Abstract
Incidence estimates for pituitary adenomas vary widely, suggesting the effects of numerous risk factors or varying levels of tumor surveillance. We studied the epidemiology of pituitary adenomas using 2004–2007 data collected by 17 Surveillance, Epidemiology, and End Results (SEER) Programs in the United States (N = 8,276). We observed that incidence rates generally increased with age and were higher in females in early life and higher in males in later life. Males are diagnosed with larger tumors on average than females. Diagnosis may be delayed for males, giving tumors a chance to grow larger before clinical detection. We also observed that American Blacks have higher incidence rates for pituitary adenomas compared with other ethnic groups. There are several potential explanations for this finding with some evidence that at least part of the effect may be due to differential diagnosis between races.
Keywords: pituitary, adenoma, incidence, race, sex
Pituitary adenomas are usually benign and indolent. While some lead to hormone hypersecretion, hypopituitarism, and neurologic dysfunction, many do not cause symptoms and remain undetected. Indeed, autopsy and radiographic data indicate that these tumors are actually relatively common with overall prevalence rates varying from 10 to 22% [1,2] (although such studies are certainly subject to selective factors). The wide range of incidence rates across individual studies [3], suggests that numerous risk factors may be responsible or that varying levels of tumor surveillance are operative. It is well established that pituitary adenomas arise from clonal expansion of mutated somatic cells but the causative mechanism involved in tumorigenesis remains to be established. Some specific genes appear to predispose to pituitary tumor formation while oncogenes do not play a role in pituitary tumor formation [4].
Hemminki, Försti, and Ji [5] found an interaction between sex and age for incidence of pituitary adenoma. Female incidence rates were higher than males up to about 30 years of age when the pattern was reversed. This has been attributed to earlier and more noticeable symptoms of associated hyperprolactinemia in females [6] (e.g., amenorrhea and galactorrhea). The most prominent symptom of hyperprolactinemia in males is decreased libido, which is not as easily diagnosed [7].
Interesting findings with regard to race have also been reported.
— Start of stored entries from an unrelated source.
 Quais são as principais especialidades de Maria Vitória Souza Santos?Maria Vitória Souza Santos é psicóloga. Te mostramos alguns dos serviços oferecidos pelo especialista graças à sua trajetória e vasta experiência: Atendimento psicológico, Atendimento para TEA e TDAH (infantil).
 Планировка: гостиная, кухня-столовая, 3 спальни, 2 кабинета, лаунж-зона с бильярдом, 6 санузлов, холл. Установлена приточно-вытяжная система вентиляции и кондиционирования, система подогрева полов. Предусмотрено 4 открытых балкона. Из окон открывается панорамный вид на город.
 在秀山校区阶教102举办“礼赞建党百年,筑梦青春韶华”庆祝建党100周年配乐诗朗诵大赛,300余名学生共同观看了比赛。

Heshmat et al. [8], found that pituitary adenoma incidence rates for black women were about three times as high as they were for white women (age-adjusted incidence rates of .76 and .22 per 100,000, respectively); incidence rates for black men were about four times as high as they were for white men (age-adjusted incidence rates of 1.02 and 0.23 per 100,000, respectively). This was based on histologically-confirmed tumor data collected on residents of the Washington, D.C., metropolitan area from 1960 to 1969. Fan et al. [9] obtained corresponding results with a set of cases that were diagnosed with CNS tumors by the Armed Forces Institute of Pathology between 1958 and 1970. For Blacks, 19% of these tumors were pituitary adenomas compared to only 8% for Whites.
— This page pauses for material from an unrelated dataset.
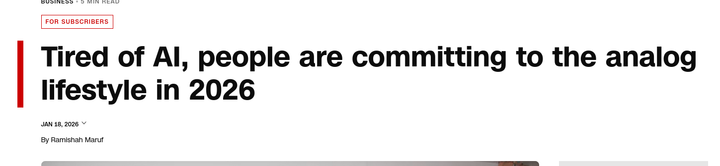 CNN: Tired of AI, people are committing to the analog lifestyle in 2026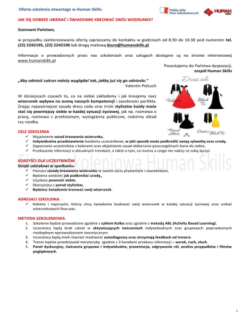 Oferta szkolenia otwartego w Human Skills: JAK SIĘ DOBRZE UBIERAĆ I ŚWIADOMIE KREOWAĆ SWÓJ WIZERUNEK? Szanowni Państwo, w przypadku zainteresowania ofertą zapraszamy do kontaktu w godzinach od 8:30 do 16:30 pod numerem tel. (22) 2242195, (22) 2242196 lub drogą mailową [email protected] Informacje o prowadzonych przez nas szkoleniach oraz usługach dostępne są na stronie internetowej www.humanskills.pl Pozostajemy do Państwa dyspozycji, zespół Human Skills „Aby odnieść sukces należy wyglądać tak, jakby już się go odniosło.” Valentin Polcuch W dzisiejszych czasach to, co na siebie zakładamy i jak kreujemy nasz wizerunek wpływa na ocenę naszych kompetencji i zasobności portfela. Znając najważniejsze zasady dress codu oraz tricki stylistów każdy może stać się pewniejszy siebie w każdej sytuacji życiowej, jak np. rozmowa o pracę, rozmowa z przełożonym, wystąpienia publiczne, rodzinny obiad czy randka. CELE SZKOLENIA Wyjaśnienie zasad kreowania wizerunku, Indywidualne przedstawienie każdemu uczestnikowi, w jaki sposób może podkreślić swoją sylwetkę oraz urodę, Zapoznanie uczestników z kolorami oraz objaśnienie zasad dobierania poszczególnych barw do siebie, Przekazanie informacji o aktualnych trendach, a także o tym, co można a czego nie należy ze sobą łączyć. KORZYŚCI DLA UCZESTNIKÓW Dzięki udziałowi w spotkaniu: Poznasz zasady kreowania wizerunku w swoim życiu prywatnym i zawodowym, Będziesz wiedzieć jak podkreślać urodę,, Uzyskasz pewność siebie, Skorzystasz z porad stylistów, Będziesz świadomie kreować swój wizerunek. ADRESACI SZKOLENIA Kobiety i mężczyźni, którzy chcą świadomie budować swój wizerunek w każdej sytuacji życiowej oraz unikać wizerunkowych faux-pas. METODA SZKOLENIOWA 1. 2. 3. 4. 5. Szkolenie będzie prowadzone zgodnie z cyklem Kolba oraz zgodnie z metodą ABL (Activity Based Learning). Uczestnicy będą brali udział w aktywizujących ćwiczeniach indywidualnych oraz grupowych poprzedzonych niezbędnym wprowadzeniem teoretycznym. Uczestnicy będą mieli również możliwość autodiagnozy oraz otrzymają feedback od trenera. Trener będzie przedstawiał merytorykę zgodnie z 3 kanałami przekazu informacji – wzrok, ruch, słuch. Panel dyskusyjny, ćwiczenia grupowe i indywidualne, prezentacja, odgrywanie ról, analiza przypadków i filmów poglądowych. 1 Oferta szkolenia otwartego w Human Skills: JAK SIĘ DOBRZE UBIERAĆ I ŚWIADOMIE KREOWAĆ SWÓJ WIZERUNEK? PROGRAM Dzięki udziałowi w spotkaniu poznasz zasady kreowania wizerunku w biznesie oraz w życiu prywatnym. Będziesz wiedzieć jak podkreślać atuty sylwetki i Twojego typu urody. Poznasz zasady budowania garderoby biznesowej. Uzyskasz pewność siebie poprzez poznanie zasad odpowiedniego komponowania zestawów, biorąc pod uwagę dobór tkanin, dodatków, odpowiednich metek. Zrozumiesz, jak Twoje ubranie wpływa na Twoją mowę ciała, jak oddziałujesz na innych. Będziesz wiedział jak można wyglądać formalnie, nie rezygnując z własnych upodobań. Zrozumiesz co mówią określone kolory. Skorzystasz z porad stylistów. Uzyskasz informacje o aktualnie obowiązujących trendach. Zaoszczędzisz wydatków na zbędne stroje i dodatki. Będziesz świadomie kreował swój wizerunek. Dodatkowo podczas zajęć otrzymasz materiały szkoleniowe, dzięki którym będziesz mógł przypomnieć sobie po szkoleniu zdobytą wiedzę. INDYWIDUALNE KONSULTACJE WIZERUNKOWE – polecamy również skorzystanie z indywidualnych konsultacji jako dopełnienia warsztatów bądź niezależnego spotkania w trakcie którego trenerzy omówią z Tobą wszystkie Twoje potrzeby i zaprezentują rozwiązania specjalnie dla Ciebie – cena 120 zł/h. TRENER Małgorzata Karczewska Psycholog/Trener Trener umiejętności osobistych, psycholog, asesor. Prowadzi szkolenia i warsztaty z zakresu rozwoju osobistego (m. in. technik kreatywnego myślenia, budowania pewności siebie, komunikacji interpersonalnej). Doradza w zakresie kreowania wizerunku w biznesie i w życiu prywatnym. Współtworzy i koordynuje projekt dedykowany kobietom pragnącym pracować nad rozwojem osobistym i psychologią wyglądu – Sensualna Kobieta Biznesu. Pracując z kobietami przy projektach rozwojowych miała możliwość poznania ich potrzeb związanych z wyglądem zewnętrznym, poczuciem własnej wartości i procesami związanymi z rozwojem osobistym. Wspiera osoby mające trudności w relacjach interpersonalnych, cierpiące na brak zadowolenia z siebie i swojego życia. Uczy wzmacniać poczucia pewności siebie i towarzyszy swoim Klientom w procesie kształtowania własnej pozytywnej samooceny. Związana z Ogólnopolską Otwartą Grupą Niezależnych Filmowców – Weź To Nakręć, z którą współpracuje w zakresie prowadzenia spotkań dotyczących kreatywności, motywowania i pracy zespołowej. Można ją również usłyszeć w Polskim Radiu Czwórka, gdzie wypowiada się jako psycholog. Wybrani Klienci Trenera: Mc Donald’s Polska Sp. z o.o., Ministerstwo Obrony Narodowej, Urząd ds. Cudzoziemców, Warmińsko-Mazurska Okręgowa Izba Inżynierów Budownictwa, TUI Poland Sp. z o.o., Telbridge Sp. z o.o., Grupa Pracuj Solutions, 4MAT Agencja Reklamowo – Promocyjna, Essilor Optical Laboratory Polska – indywidualne konsultacje wizerunkowe z pracownikami Firmy na szczeblu menedżerskim, Open Finance S.A., Ogólnopolska Otwarta Grupa Niezależnych Filmowców – Weź To Nakręć, Centrum Artystyczne Fabryka Trzciny, Szkoła Liderek – konferencja C.U.D., Powiatowe Centrum Pomocy Rodzinie w Płocku, AIESEC Polska, Uczelnia Łazarskiego w Warszawie, Uniwersytet Kardynała Stefana Wyszyńskiego w Warszawie, L.O. nr XXXVII im. J. Dąbrowskiego w Warszawie i inni. 2 Oferta szkolenia otwartego w Human Skills: JAK SIĘ DOBRZE UBIERAĆ I ŚWIADOMIE KREOWAĆ SWÓJ WIZERUNEK? OPINIE Szkolenie krótkie, ale bardzo treściwe. Dowiedziałam się wielu interesujących rzeczy. Pani Gosia t

There has been only one population-based study of pituitary adenomas in the United States, and that was published over 30 years ago [8]. The current study examines demographic differences in pituitary adenomas using data collected by the Surveillance Epidemiology and End Results (SEER) Program across the United States. The 17 SEER registries that currently compose this program cover approximately 26% of the U.S. population [10] and reflect the geographical distribution of cancer across the country. The SEER programs collect a wide range of data on demographic, diagnostic, and clinical variables, and they began monitoring for benign brain tumors with 2004 diagnoses. With four years of data now available, this resource now provides an excellent opportunity to study demographic differences in incidence for benign pituitary adenoma.
Methods
This study used data from the November, 2009, submissions from all 17 SEER registries that were incorporated into the SEER*Stat database, Version 6.6.2 [11]. This includes benign brain tumor diagnoses made from 2004 to 2007. In this study, anatomic sites were restricted to the pituitary gland (ICD-O-3 Code C75.1) [12] and histology was restricted to benign adenomas (M8140 to M8384; see Table 1). A total of 8,276 cases met these inclusion criteria, and 8,118 of these cases had known sex and race values. Of these 8,118 cases, almost 99% (8,004) were isolated tumors; no other reportable tumors were present.
Table 1.
Counts of pituitary adenoma cases by year of diagnosis and histology, 17 SEER registries, 2004–2007.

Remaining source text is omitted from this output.